Provided material section start

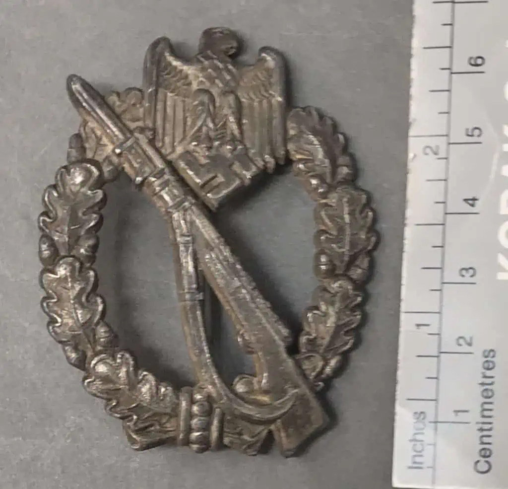 Original WWII German Infantry Assault Badge In Bronze Certified By The Gettysburg Museum Of History. The Infantry Assault Badge in silver was introduced on December 20TH 1939 by Oberbefehlshaber Walther von Brauchitsch, for award to Officers, and EM/NCO’s of non-motorized, Infantry and Mountain Infantry units. Criteria for the award varied, with the main qualification being participation in three separate Infantry assaults. Of Note: On June 1ST 1940 a bronze version of the Infantry Assault Badge was introduced for award to Officer’s, and EM/NCO’s of Motorized Infantry units. Die struck, solid backed, zinc construction badge with a bronzed washed finish features an embossed, vertically oval, oak-leaf wreath with a Wehrmacht style eagle with down-swept wings, clutching a canted swastika in its talons, superimposed to the top center, encompassing a cut-out, bolt action, rifle with a fixed bayonet and a sling. The reverse should have a crimped, soldered hinge, a thin, round, vertical, pin and a soldered catch are present. in good condition some of its original bronze wash still present. Has a period repair on the catch. Nicely maker marked. Complete Museum documentation (COA) Provided. Certified by The Gettysburg Museum of History. The Gettysburg Museum of History does not support or condone Adolf Hitler or the Nazi Party and is only offering this as a historic relic. Please see our other items. Also note when browsing our web site there are several pages of items, at the bottom of the list look for other page numbers. Good CONDITION VERY NICE some of the bronze wash still intact! Bronze versions are much rarer that silver versions!
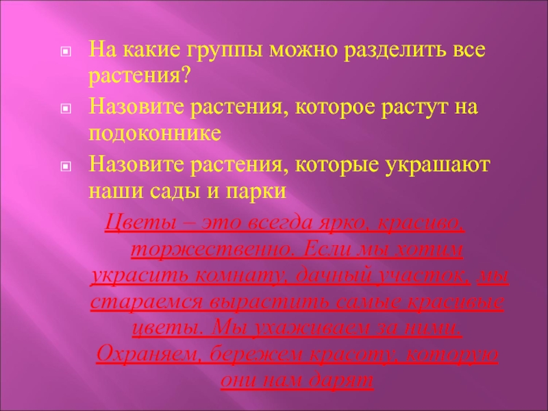 На какие группы можно разделить все растения?Назовите растения, которое растут на подоконникеНазовите растения, которые украшают наши сады
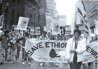 On this website, and its links to Google Photos and FilesAnywhere, you can access original source documents, reports, faxes, articles and photographs, that document the story of Ethiopian Jewish heroes and the Americans who helped them realize their two-thousand-year-old dream to return to Jerusalem and Zion. These records and photos demonstrate the immense efforts of many Beta Israel who sacrified their personal lives to help their community, and the huge output of work by AAEJ activists both in supporting the community and in lobbying the U.S. and Israeli governments to do more. AAEJ American and Beta Israel activists made many trips throughout he U.S. from 1973 to 1991 to plead for the government and the organized Jewish community to take action (see photo on right of Baruch Tegegne marching down Wall Street, NYC). AAEJ political advocacy efforts helped obtain the release of Beta Israel from Sudan and Ethiopia and were instrumental in organizing the airlifts, as well as helping to end the Marxist military regime in Ethiopia in May 1991.

Provided material section end

Word for word, restate the lines from the first line of the material through the line containing "На какие группы", with the pictures left out.

* Written answer *
 Original WWII German Infantry Assault Badge In Bronze Certified By The Gettysburg Museum Of History. The Infantry Assault Badge in silver was introduced on December 20TH 1939 by Oberbefehlshaber Walther von Brauchitsch, for award to Officers, and EM/NCO’s of non-motorized, Infantry and Mountain Infantry units. Criteria for the award varied, with the main qualification being participation in three separate Infantry assaults. Of Note: On June 1ST 1940 a bronze version of the Infantry Assault Badge was introduced for award to Officer’s, and EM/NCO’s of Motorized Infantry units. Die struck, solid backed, zinc construction badge with a bronzed washed finish features an embossed, vertically oval, oak-leaf wreath with a Wehrmacht style eagle with down-swept wings, clutching a canted swastika in its talons, superimposed to the top center, encompassing a cut-out, bolt action, rifle with a fixed bayonet and a sling. The reverse should have a crimped, soldered hinge, a thin, round, vertical, pin and a soldered catch are present. in good condition some of its original bronze wash still present. Has a period repair on the catch. Nicely maker marked. Complete Museum documentation (COA) Provided. Certified by The Gettysburg Museum of History. The Gettysburg Museum of History does not support or condone Adolf Hitler or the Nazi Party and is only offering this as a historic relic. Please see our other items. Also note when browsing our web site there are several pages of items, at the bottom of the list look for other page numbers. Good CONDITION VERY NICE some of the bronze wash still intact! Bronze versions are much rarer that silver versions!
 На какие группы можно разделить все растения?Назовите растения, которое растут на подоконникеНазовите растения, которые украшают наши сады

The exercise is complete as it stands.